British playwright John Osborne wrote an adaptation in 1972, and in 1991 famed playwright Judith Thompson presented an adaptation at the Shaw Festival. Thompson adapted the play a second time in 2005 at Buddies in Bad Times Theatre in Toronto, setting the first half of the play in the nineteenth century, and the second half during the present day. Early in 2006, the play gained critical success at the West Yorkshire Playhouse in Leeds and at the Liverpool Playhouse, directed by Matthew Lloyd with Gillian Kearney in the lead role. A revival opened in January 2009 on Broadway, starring Mary-Louise Parker as the title character and Michael Cerveris as Jørgen Tesman, at the American Airlines Theatre to mixed critical reviews. A modernised New Zealand adaptation by The Wild Duck starring Clare Kerrison in the title role, and opening at BATS Theatre in Wellington in April 2009, was hailed as "extraordinarily accessible without compromising Ibsen's genius at all."[7] Performance of a production of the play was stopped in Tehran, Iran in 2011.[8] Its organizers were summoned to court for inquiry after an Iranian news agency blasted the classic drama in a review and described it as "vulgar" and "hedonistic" with symbols of "sexual slavery cult".[9][10] A Serbian production premiered in February 2011 at the National Theatre in Belgrade[11]

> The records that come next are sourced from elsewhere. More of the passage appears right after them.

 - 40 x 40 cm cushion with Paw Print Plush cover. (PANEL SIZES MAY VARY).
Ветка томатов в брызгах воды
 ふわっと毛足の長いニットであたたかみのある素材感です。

The play has been adapted for screen a number of times, from the silent film era of the early 1910s to the present day in several languages.[12] In 1975, Glenda Jackson was nominated for an Academy Award as leading actress for her role in the British film adaptation Hedda.

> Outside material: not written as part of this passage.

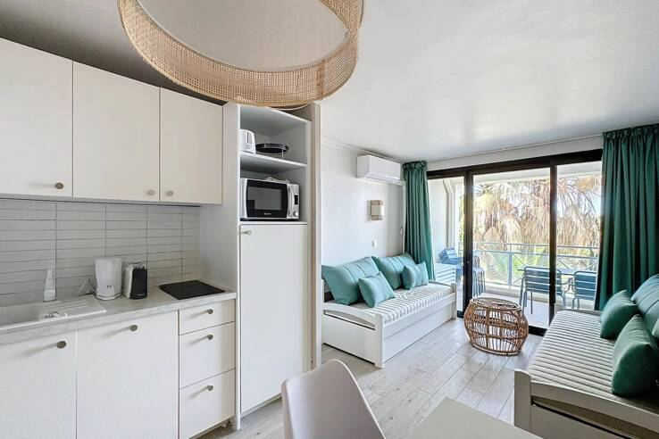 Студия полностью отремонтирована и меблирована, площади 22 кв. м, подходит для проживания до 4 человек. Включает в себя прихожую, гостиную с кухней, спальню, душевую с туалетом. Также имеется просторная терраса.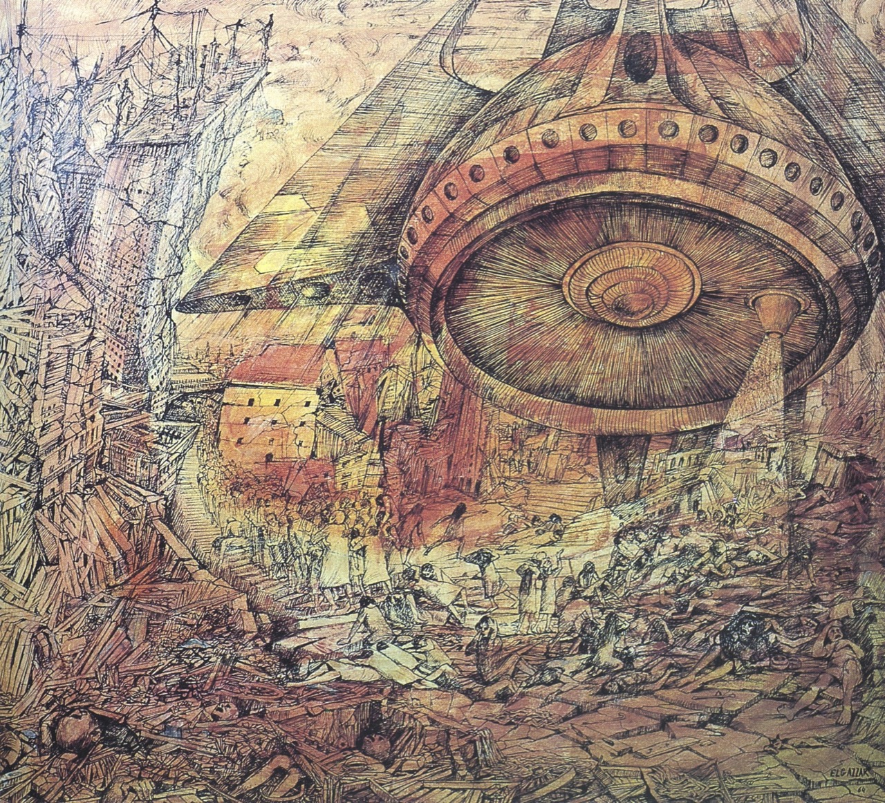 Abdel Hadi al-Gazzar was one painter in a trainful of artists selected in 1963 to visit the Aswan Dam, during its Soviet-funded construction in the south of Egypt. The trip was sponsored by Gamal Abdel Nasser’s revolutionary regime, which wanted Egypt’s finest to immortalize the president’s dazzling technological triumph over nature. By then, Gazzar certainly was considered one of the finest, if not the preeminent, painter of the new postcolonial state. As was to be expected, his resulting painting, the award-winning The High Dam (1964), was immediately celebrated by officials as an icon of the Nasserist era. But the Aswan experience also provoked a fantastical body of work that the artist largely kept private. His first India ink drafts of the scaffolds and cranes and pipes and machineries he saw there started out as sober visual chronicles of a sublime work site, but soon that sublimity would explode in his vision. Those machineries took on lives of their own, crawling spiderlike across the page and melding with impoverished human and animal forms. Then, a UFO alights to blast this whole invented world down (A Body Falling from the Sky, 1964); and now look, three wrinkled, pastel-colored alien beasts have materialized, whirling their eyes as they crouch beneath transparent membranes in a landscape punctuated by inexplicable equations (Falling Objects, 1964). Though Gazzar had employed futuristic imagery prior to Aswan, the style of these compositions is a world apart: they are claustrophobically covered with inscrutable details, webbed with a multitude of agonized lines, drawn by a cramped and manic hand.

Deborah Warner's version, with Fiona Shaw as Hedda Gabler and Stephen Rea as Ejlert Løvborg, was televised in 1993. Shaw's portrayal finds the hypersensitivity behind those cruelties of Hedda's which are often played without conscience. Shaw plays the requisite arrogance with which Hedda wounds those around her, but the immediate recriminations which she visits upon herself are even more harrowing.

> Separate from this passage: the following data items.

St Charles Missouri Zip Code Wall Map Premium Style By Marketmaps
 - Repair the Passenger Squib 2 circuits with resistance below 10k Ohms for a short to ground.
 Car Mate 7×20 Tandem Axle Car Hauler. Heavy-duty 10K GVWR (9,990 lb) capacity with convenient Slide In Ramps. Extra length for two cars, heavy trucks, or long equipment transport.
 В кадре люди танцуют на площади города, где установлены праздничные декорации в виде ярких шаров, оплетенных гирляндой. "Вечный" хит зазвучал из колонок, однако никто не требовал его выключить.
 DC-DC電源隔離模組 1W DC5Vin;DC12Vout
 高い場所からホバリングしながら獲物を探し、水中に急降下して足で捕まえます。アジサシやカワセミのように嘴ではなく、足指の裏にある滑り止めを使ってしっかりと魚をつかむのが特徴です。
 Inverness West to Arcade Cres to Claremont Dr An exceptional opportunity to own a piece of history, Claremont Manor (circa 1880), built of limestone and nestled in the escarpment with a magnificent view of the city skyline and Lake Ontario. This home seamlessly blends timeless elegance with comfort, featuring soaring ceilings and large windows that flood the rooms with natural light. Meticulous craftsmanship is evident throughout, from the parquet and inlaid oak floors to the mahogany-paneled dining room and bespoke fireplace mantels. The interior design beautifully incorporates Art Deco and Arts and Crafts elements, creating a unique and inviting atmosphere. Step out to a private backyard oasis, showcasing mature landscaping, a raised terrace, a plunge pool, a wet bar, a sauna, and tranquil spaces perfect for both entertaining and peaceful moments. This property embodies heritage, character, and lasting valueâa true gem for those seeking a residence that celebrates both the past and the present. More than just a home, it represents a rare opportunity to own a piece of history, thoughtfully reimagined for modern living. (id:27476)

An American film version released in 2004 relocated the story to a community of young academics in Washington state.
An operatic adaptation of the play has been produced by Shanghai's Hangzhou XiaoBaiHua Yue Opera House.
An adaptation with a lesbian relationship was staged in Philadelphia in 2009 by Mauckingbird Theatre Company.[13]
A turkey living in Morningside Park, New York City, was named Hedda Gobbler.
A prostitute in the feature film Tristram Shandy: A Cock and Bull Story is named Hedda Gobbler.
The 2009 album Until the Earth Begins to Part by Scottish folk indie-rock band Broken Records features a song, "If Eilert Løvborg Wrote A Song, It Would Sound Like This".
John Cale, Welsh musician and founder of American rock band The Velvet Underground, recorded a song "Hedda Gabler" in 1976, included originally on the 1977 EP Animal Justice (now a bonus track on the CD of the album Sabotage). He performed the song live in London (5 March 2010) with a band and a 19 piece orchestra in his Paris 1919 tour.
The Norwegian hard-rock band Black Debbath recorded the song "Mötorhedda Gabler" on their Ibsen-inspired album Naar Vi Døde Rocker ("When We Dead Rock").
The original play Heddatron by Elizabeth Meriwether melds Hedda Gabler with a modern family’s search for love despite the invasion of technology into everyday life.